December 1, 2021

The Flaw

It was Monday, Dec 24, 2018. 

The Friday before, the S&P 500 had dropped 3%, bringing monthly losses to 13% and putting the market on bear turf.  Everybody thought, “Thank God for Christmas, we can catch a breath.”

Instead, stocks caromed down another 3% in the half-day of trading Christmas Eve.  After unwrapping presents, stocks opened the 26th with most on vacation and shot up 5%.

Remember that? 

Suppose you close your offices for the holidays and come back to find the place trashed.  It’s not supposed to happen when nobody is in.  Right?  You wonder who the hell did it.

We first got a sense of the stock market’s capacity for freakish outcomes May 6, 2010. Stocks collapsed in this “Flash Crash,” some to a penny, before resurrecting like a geyser.  We learned about “high-frequency trading,” computers buzz-sawing data, spraying prices, shredding stocks.

Illustration 180830251 / High Frequency Trading © Nadiia Prokhorova | Dreamstime.com

It’s happened a growing number of times since.  Computers thrashed through the market in March 2020 like Godzilla vs Kong, demolishing prices, splashing volume everywhere.

And it just happened again.

Everybody cleared their desks and went off to get a tryptophan high, and while we were cleaning up the dishes and looking at the college sports lineup the day after Thanksgiving, a half-day and often the lightest trading of the year, a Transformer went berserk and blew up on Wall Street, blasting almost a thousand points off the Dow.

This ought to disturb you, public companies and investors.  It’s your equity.  You leave. And some computer freakshow guns up in a hot rod and hits you with a smash-and-grab.

The earth is not flat.  And the stock market doesn’t work the way the CEO thinks.

We were in Fiji sailing before the Pandemic.  There was a low sand bar connecting what would otherwise be two islands. We anchored and walked it, observing large numbers of hermit crabs hurrying across, lengthwise.

We picked some up and put them down by the water. But no, that was distressing to them, and they flailed frantically to catch up to the rest, dragging their little hermit shells.

Later, we got it.  The tide was coming in. If you didn’t make it to the Hermit rendezvous on the right side behind some big rocks, you were swept away.

They were on a clock. They’re programmed with sea market structure. They grasped the divide between Controllables and Non-Controllables and the need to respond to both.

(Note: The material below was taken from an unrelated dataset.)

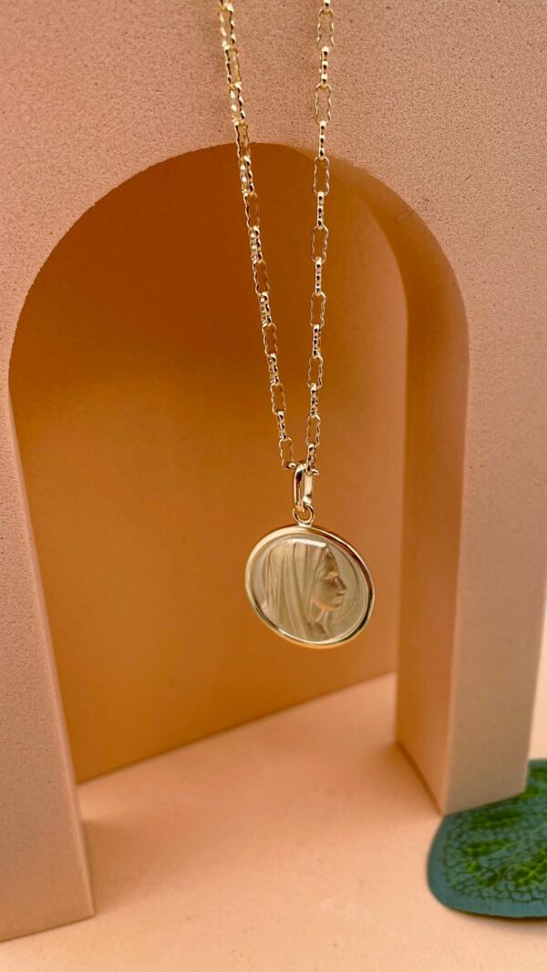 Ce collier médaille Vierge Marie est une invitation à garder près de soi une présence maternelle et rassurante. Inspirée de la tradition chrétienne, cette médaille délicate représente le profil doux de la Vierge Marie, symbole de confiance, d’espérance et de protection.

If hermit crabs can, we can. Traders, know when you’re vulnerable. That’s around options-expirations, holidays, month-ends, earnings.  And when Demand is falling, as it’s been doing since Nov 17, when options-expirations started (Broad Sentiment at EDGE shows you).

New month, new money, so it might reverse on a dime. Knowing, making informed choices, is the key.

Public companies, no market constituency has a greater need than you to know how the stock market works. In a sense, you’re the elevators everybody boards for the ride.

Lead riders to think that Story is safety, and you’re not only hurting them but leaving your executives and boards without defense.  The stock market is motivated primarily by things other than Story. Data is always, always, a safeguard.

What about omicron? It’s an anagram for moronic. It’s 15th among 24 Greek letters. The WHO has been using them to track variants. We heard a lot about Delta. Nothing about variants Epsilon through Lambda, which exist but haven’t mattered.

The WHO skipped Nu and Xi, too culturally insensitive. Next up was omicron.

Easy scapegoat. Investors fear omicron!  Except investors didn’t do Friday, didn’t do yesterday. Friday, the only behavior up was Fast Trading. Those bloody machines. Futures expired yesterday. Volatility destroys them. That’s market structure, not a virus.

Our trouble is a stock market where machines sifting data like scientists can exploit supply/demand imbalances to profit on the pursuit of price. 

It’s the prevalent behavior in the market. It manifests starkly whenever there are unusual changes to investment, because that’s when PRICE can be exploited.  Machines don’t “think” but they’re programmed to respond.

Suppose I said, “Here are the keys to this roadster.  It’s powerful, fast, and fun. Enjoy it.”

I hand you the keys and start to walk away.  Then I stop and say, “Oh, every now and then it veers off the road for no reason.”

What would a rational person do?  Ponder that.